Going over all this, and having mentioned it earlier, I’m now having the discussion aloud with myself about Spider-Man 3. I don’t want to drag things out any more, but I’ll say this: The film is overstuffed and owed its villains more development. But it’s not un-enjoyable. Can the same be said of X-Men: The Last Stand? I think not. Are there things to like in The Incredible Hulk? A few. It’s fun to see comic characters fighting on the big screen. That’s about it. The imagination stops right there.

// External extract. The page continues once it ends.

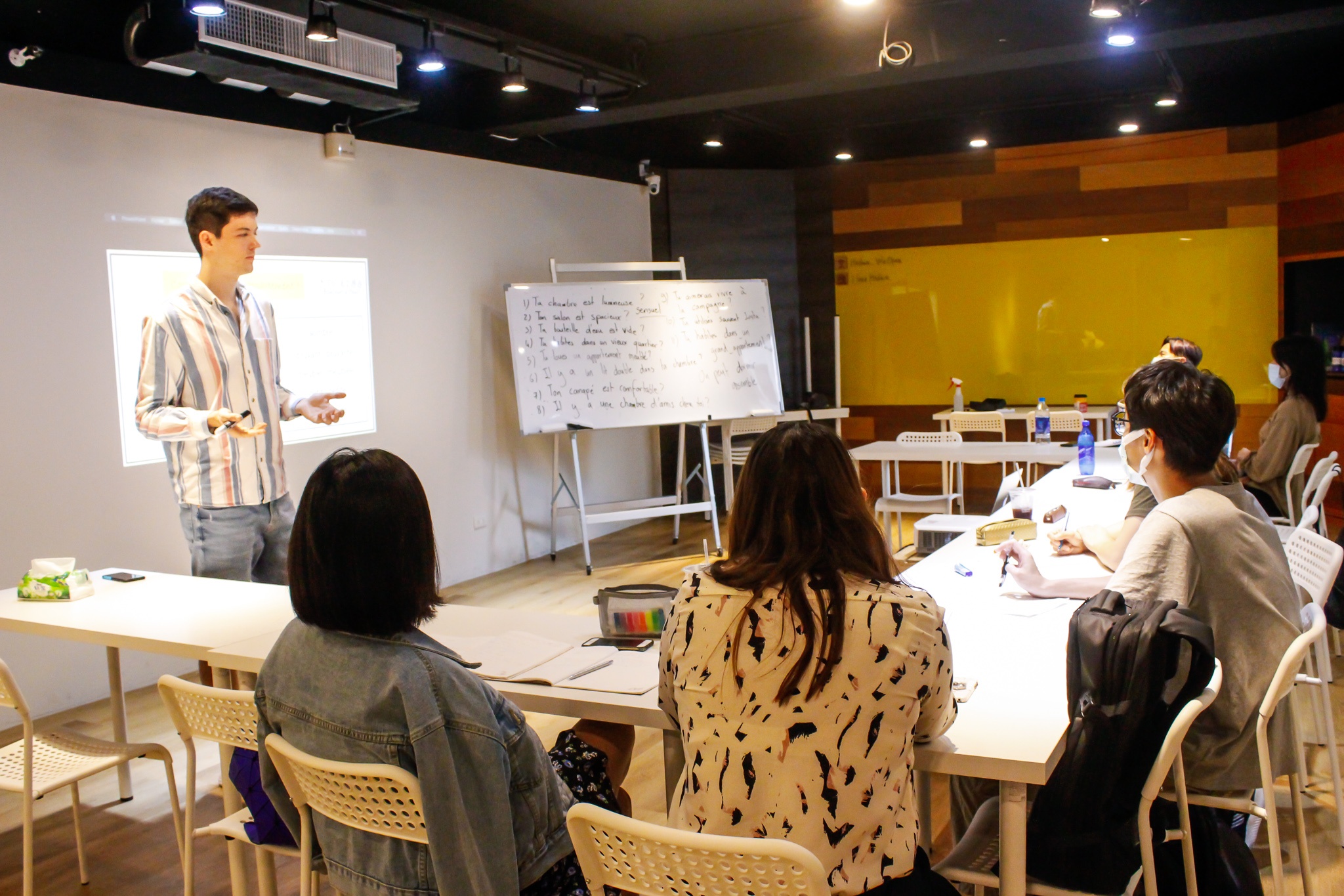 在未來的正式口說法語課程中,你將完全沈浸在輕鬆的法語口說環境中,透過完全自製的精心課程投影片以及黑板講解的方式帶領對話練習,高度接地氣的內容不僅貼近生活,小班制的精品環境更能營造學習氣氛,讓你快樂開口說! 我們認為 #人人都有大聲輕鬆說法語的基本權利

Ang Lee’s third act sees a 10-minute fight sequence between the Hulk and the military spanning a good chunk of the northwestern United States, and closes with a fight between father and son, the former of which having just become a lightning monster. “Yeah, but he got to fight Abomination in the sequel!” Yeah, right. Hulk’s greatest physical adversary apart from Hall of Fame, intra-universe exchange-program confrontations, and he defeats him by choking him out with a chain. What is this, fucking Road House?
If you have any conception of how strong the Hulk is supposed to be, seeing that should be a massive disappointment (let me put it this way: Hulk fought The Sentry to a standstill, indicating at the very least he has the power of a million exploding suns).
Ang Lee’s Hulk may wax a little cerebral and dwell on the more funereal components of its broader skeletal structure, but it’s about a thousand times more interesting and creative than its alleged superior in The Incredible Hulk from five years later. The CGI works amazingly well, the payoff is surprisingly satisfying, and the whole enterprise exudes extreme care from conception to execution.